They had taken the wounded off the wall, out of the wind. The rock below was clean of bodies, and the last of the men were coming back up the ladder.
Kirk felt queer. He wasn't like himself at all. It was as though he had fragments of ice inside his head, all jumbled. Then suddenly they fell into place, clear and frozen and unalterable, without any help from him at all.
He moved, very fast. Faster than ever before in his life, caught the Captain's gun.
His two hands thrust out, one against the Captain, the other against the Third, and sent them staggering. He charged through between them, gathering the yellow girl in to his chest firing as he went. The antique gun went dead on the third shot, and he threw it away.
A knife slashed across his shoulders, but it was short. Men began to yell. He knocked one away from the ladder head and pushed the struggling girl over and let her drop, so that she had to catch the rungs. He whirled, swinging, and sent two men sprawling back into the ones behind. Then he leaped over, dropping down the side of the ladder hand over hand.
He passed the girl, climbed onto the ladder behind her so that no one could sling stones at him, and began pulling her down by the foot. She tried kicking, but it was a long drop to the rock, and after she'd slipped a couple of times she stopped that and went on down.

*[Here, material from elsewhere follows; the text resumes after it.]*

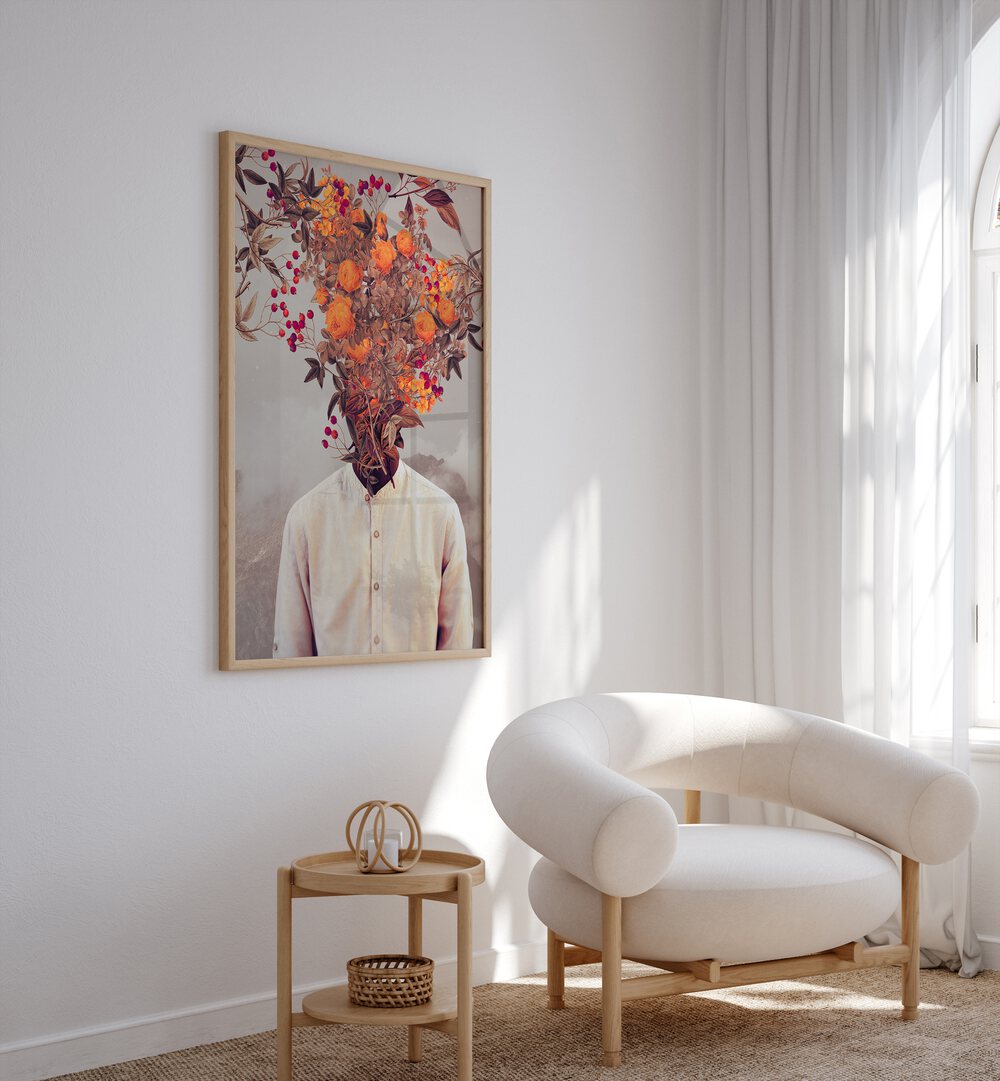 Beautifully framed "BRIGHT BLOOM, SURREAL ART PRINTS" by Frank Moth, showcasing a floral headpiece in surrealism.

Men were howling at him from above. They started to climb onto the ladder. Kirk yelled at them, threatening to throw the girl off. They stopped. Presently Kirk felt the cold rock underfoot.

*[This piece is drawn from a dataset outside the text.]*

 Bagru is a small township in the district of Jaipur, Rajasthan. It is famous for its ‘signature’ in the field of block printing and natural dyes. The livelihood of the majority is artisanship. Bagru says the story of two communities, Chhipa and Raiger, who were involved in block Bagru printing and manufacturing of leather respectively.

The minute he was off the ladder a man climbed over the wall and started down. Kirk yelled at him to go back, then got hold of the bottom of the ladder and pushed out. The yellow girl got out her knife again and slashed at him. She hadn't opened her mouth once.

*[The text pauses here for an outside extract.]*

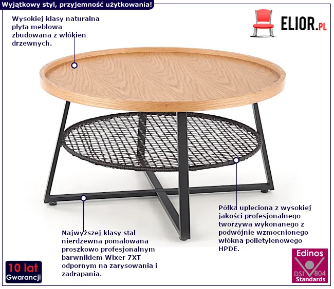 Zaprojektowanie funkcjonalnego mebla, który prezentuje się niebywale to nie wszystko. Ważnym przy tworzeniu wyposażenia do mieszkania jest również wysoka jakość oraz trwałość tak, aby mebel mógł przetrwać wiele lat w jak najlepszym stanie. To osiągnąć można tylko używając najwyższej klasy, sprawdzonych materiałów. Dlatego właśnie firma Elior do wytworzenia blatu ławy Kronos użyła naturalnej płyty meblowej zbudowanej z włókien drzewnych i związków organicznych w warunkach wysokiego ciśnienia i temperatury. Zastosowanie włókien ułożonych sinusoidalnie znacznie zwiększyło jej walory wytrzymałościowe. Dodatkowo płyta została uszlachetniona cienkimi filmami melaminowymi w celu zwiększenia jej trwałości, a brzegi oklejono specjalistycznym materiałem ABS, cechującym się ponadprzeciętną odpornością na zarysowania. Półka upleciona została z wysokiej jakości profesjonalnego tworzywa wykonanego z podwójnie wzmocnionego włókna polietylenowego HPDE o dużej gęstości wzorowanego na rattanie naturalnym. W dodatku jest w pełni ekologiczny i przyjazny środowisku. Nogi stolika wykonane zostały z najwyższej jakości stali nierdzewnej pomalowanej proszkowo odpornym na zarysowania i zadrapania. Technika malowania proszkowego charakteryzuje się dużą trwałością, odpornością na korozję, chemikalia, wysoką temperaturę oraz uszkodzenia mechaniczne, dzięki czemu znacznie podnosi walory użytkowe i estetyczne mebla.

Kirk dropped. The knife bit his shoulder, not very deep. He straightened up suddenly, swinging his open palm. It caught the girl over the ear. She fell backward away from him, rolling over on the rock. The knife flew out of her hand. Kirk heard it skitter along and then vanish over the gully edge.
He pushed hard on the ladder. It gave, and the man at the top began scrambling up again, fast. He only just made it, dangling half of him in the air, when the ladder fell. The light aluminum struts it was made of sent clashing echoes flying in the wind.